By Carolyn Crandall, Attivo CMO
“A security solution is only as good as the weakest link” is one of those hackneyed phrases that keep popping up because it’s true. As the cyber attacks become increasingly sophisticated and numerous, the number of potential weak links also grows.
Weak links can span core parts of the security solution or areas peripheral to it. A core issue might be a firewall that the IT and security team deployed to protect a database, but is not equipped to block application-level attacks such as SQL injections. A peripheral issue might include basic user errors, such as using overly simplistic passwords or connecting a BYOD device that lacks the organization’s security solutions.

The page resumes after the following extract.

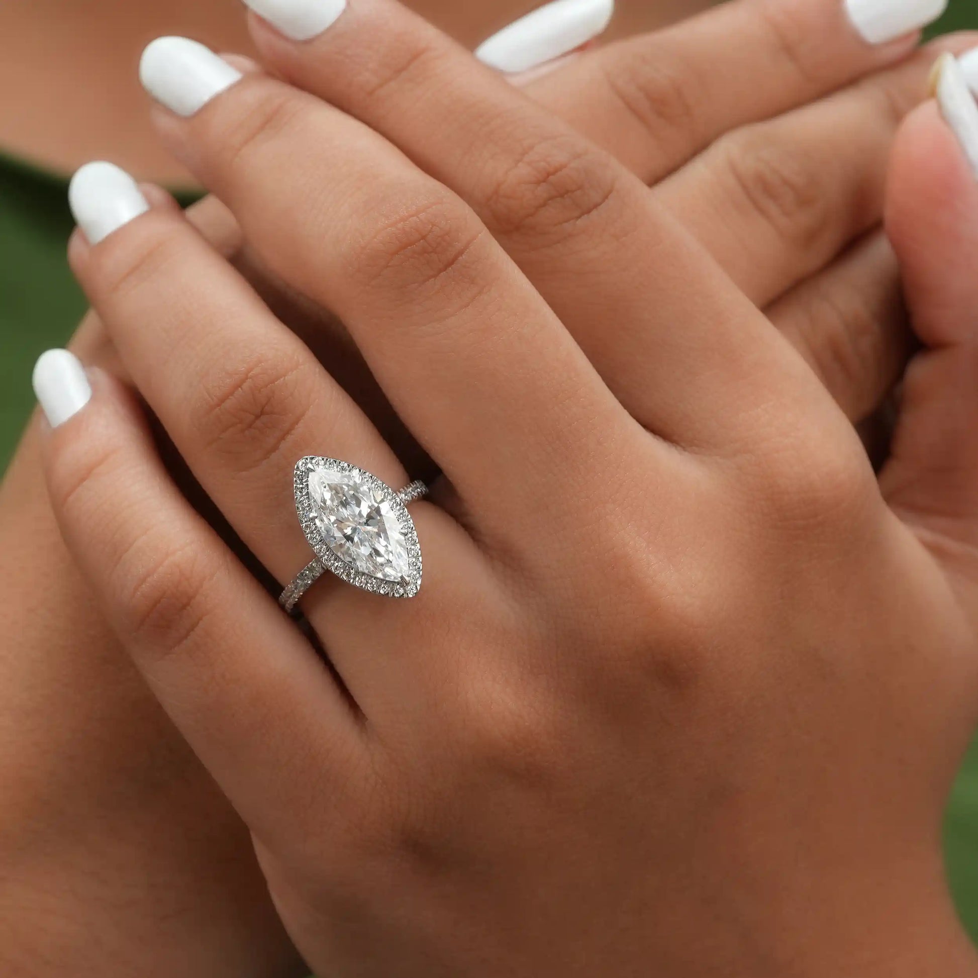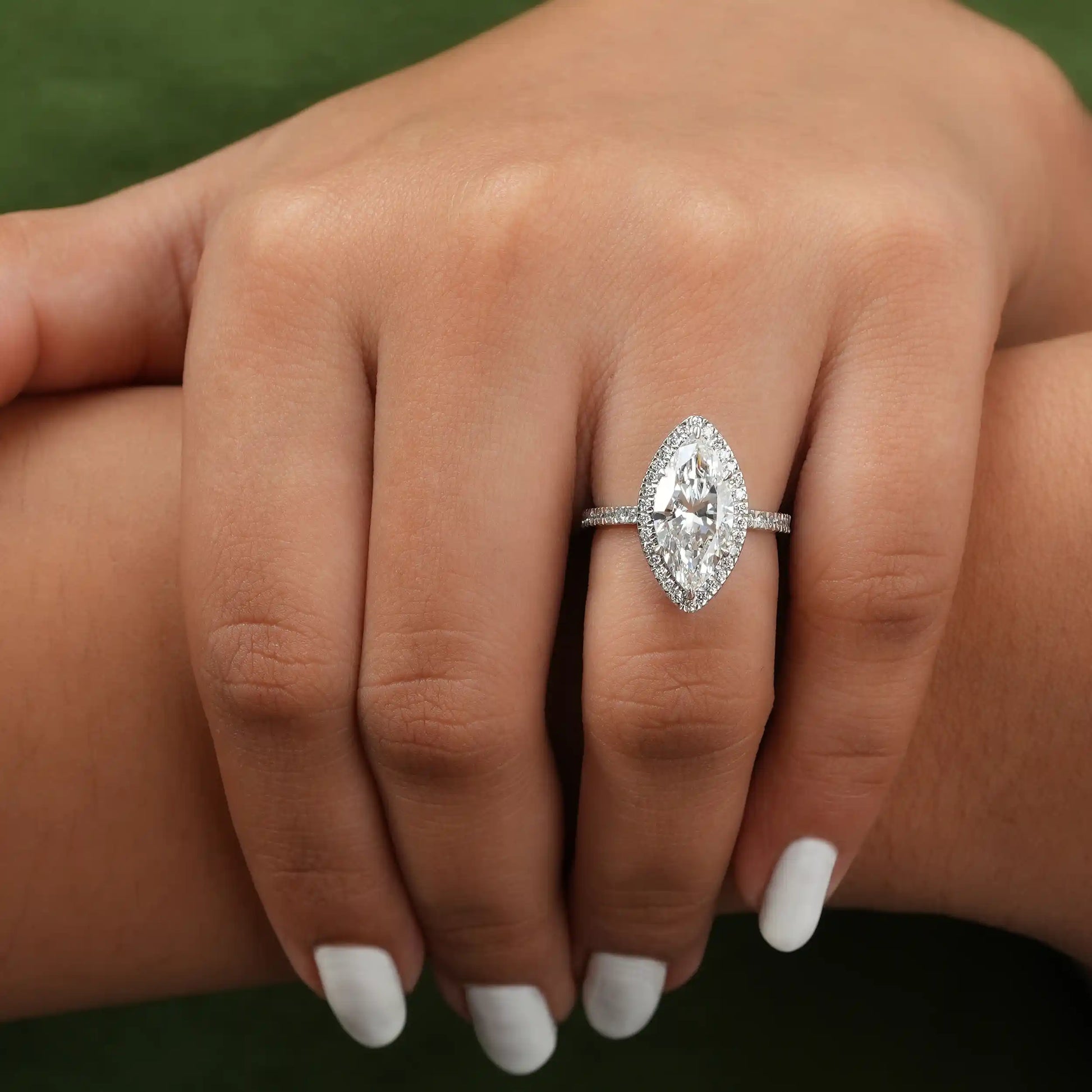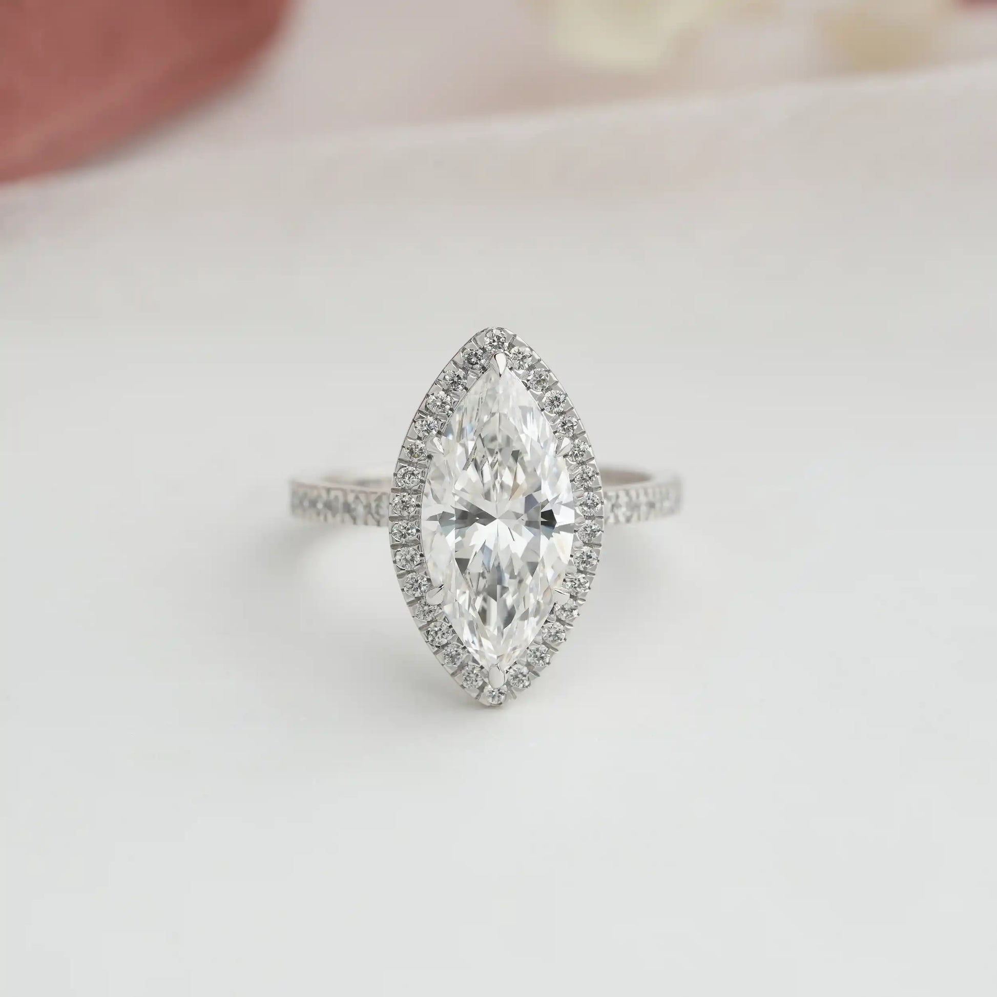 Marquise Cut Halo Lab Grown Diamond Engagement Ring

Among the many issues that IT and security teams run into as they try to keep up, below we discuss the three that tend to pop up most often.
Maintenance – At a large organization, there are endless details and maintenance updates required to keep comprehensive security solution up-to-date. The IT and security team may be continuously upgrading these components to keep up-to-date with the most current APTs and BOTS. However, failure to address just a few areas at the time a new cyber attack occurs on that area can result in a breach that is undetected. This is exponentially compounded by reliance on human behavior to update, human error, and in many case simply because the attack is that of a new strain where as signatures or patches are not readily available.

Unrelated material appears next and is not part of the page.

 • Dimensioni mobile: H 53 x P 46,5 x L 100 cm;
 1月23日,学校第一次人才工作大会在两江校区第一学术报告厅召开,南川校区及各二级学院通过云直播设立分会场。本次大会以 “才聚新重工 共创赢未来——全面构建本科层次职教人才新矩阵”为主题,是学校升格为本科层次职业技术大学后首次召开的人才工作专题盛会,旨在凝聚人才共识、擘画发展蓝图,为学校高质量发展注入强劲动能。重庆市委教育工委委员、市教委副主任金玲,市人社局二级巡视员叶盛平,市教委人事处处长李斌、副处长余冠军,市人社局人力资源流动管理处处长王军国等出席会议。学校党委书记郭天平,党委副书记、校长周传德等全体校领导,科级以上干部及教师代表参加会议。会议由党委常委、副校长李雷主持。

Failure to Deploy Defense in Depth – No one security solution can protect an enterprise today. The threat of sophisticated cyber attacks calls for an equally sophisticated system of defense. A comprehensive defense infrastructure includes protection and detection and is comprised of four key elements that include firewalls/IDSs/IPSs, sandboxes, breach detection solutions, and virus scan applications. IT and security teams must continuously be on the search for improved capabilities for each of these four elements. Of course, each element must fit the specific architecture of the network, needs of the users, and ability to scale all network private and cloud environments.
The Right Solution But the Wrong Technology – IT and security teams may deploy the right type of solution, but select a product with out-of-date or less effective technology. This is especially true with breach detection solutions. Traditional detection solutions rely on heavy monitoring and database look up. The compute intensity required for managing high traffic networks will also often leave data centers exposed as a result of cost and/or the overwhelming alert volumes that would be generated while trying to monitor east-west traffic. The most effective of these solutions are deception platforms that are not in-line and instead use deception to lure, identify, analyze, and capture the attack information of APTs and BOTs. Deception solutions will present themselves as decoys to actual company servers and are either based on emulation or real time operating systems.

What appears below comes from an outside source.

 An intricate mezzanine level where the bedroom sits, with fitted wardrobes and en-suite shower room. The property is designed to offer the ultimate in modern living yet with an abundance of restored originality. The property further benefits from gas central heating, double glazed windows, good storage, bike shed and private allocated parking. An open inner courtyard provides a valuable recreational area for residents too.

In an emulation strategy, one or more virtual machines (VMs) emulates an organization’s network, services, and operating systems based on that network’s architecture. The VMs deceive the malware into attacking the emulated environment versus the actual one. The benefits are obvious, but there are downsides.
First, emulation solutions are not active and aren’t able to engage with a cyber attack beyond initial detection, which prevents it from providing the Techniques, Tactics and Procedures (TTP) of the attack to the IT and security team. Emulated systems do not emulate the depth of tools that are used by administrators and used extensively by attackers for lateral movement. Additionally, because emulated solutions don’t fully engage and complete the attack cycle, it can be more easily identifiable by the attacker. Emulated environments are also limited in configurations and will likely standout from real servers when it does not match the “golden image” or environment it is trying to emulate.
Basing the deception strategy on real operating systems that are also running expected protocols or services, on the other hand, has all the advantages and none of the negatives of an emulation strategy. By running real operating systems and customizing services by only turning on applications that are used in an organizations environment, the deception server becomes an authentic decoy that can be virtually indistinguishable from an actual server. The ability for a company to load a “golden image” on the decoy or install custom applications will create an environment with the highest degree of deception. It is critical that the deception platform effectively “fool” the APT or BOT into treating the platform as the actual network.
A question that I am often asked is whether using real operating systems creates additional work or maintenance for security administrators. I am glad to say that this is a myth at least with Attivo Networks solutions. The operating systems and services are all maintained as part of the BOTsink software and can be updated automatically. Noting that some of our customers will intentionally delay the updating of new operating systems or protocols because the older version becomes a more attractive unpatched lure.
There are few unequivocal truths in security strategy. Prevention alone is not a reliable strategy and defense in depth will give you the best odds of detecting an intrusion before it can become a destructive breach. With 12 new attack strains being created per minute in 2015, reliance on monitor for known attack patterns will be an exercise in futility. Last but not least, no matter how on top of things your security team may be, there is always going to be human behavior and errors. Knowing in real-time when an incident occurs and before an attacker can complete their mission should be a critical component of every security defense in depth strategy.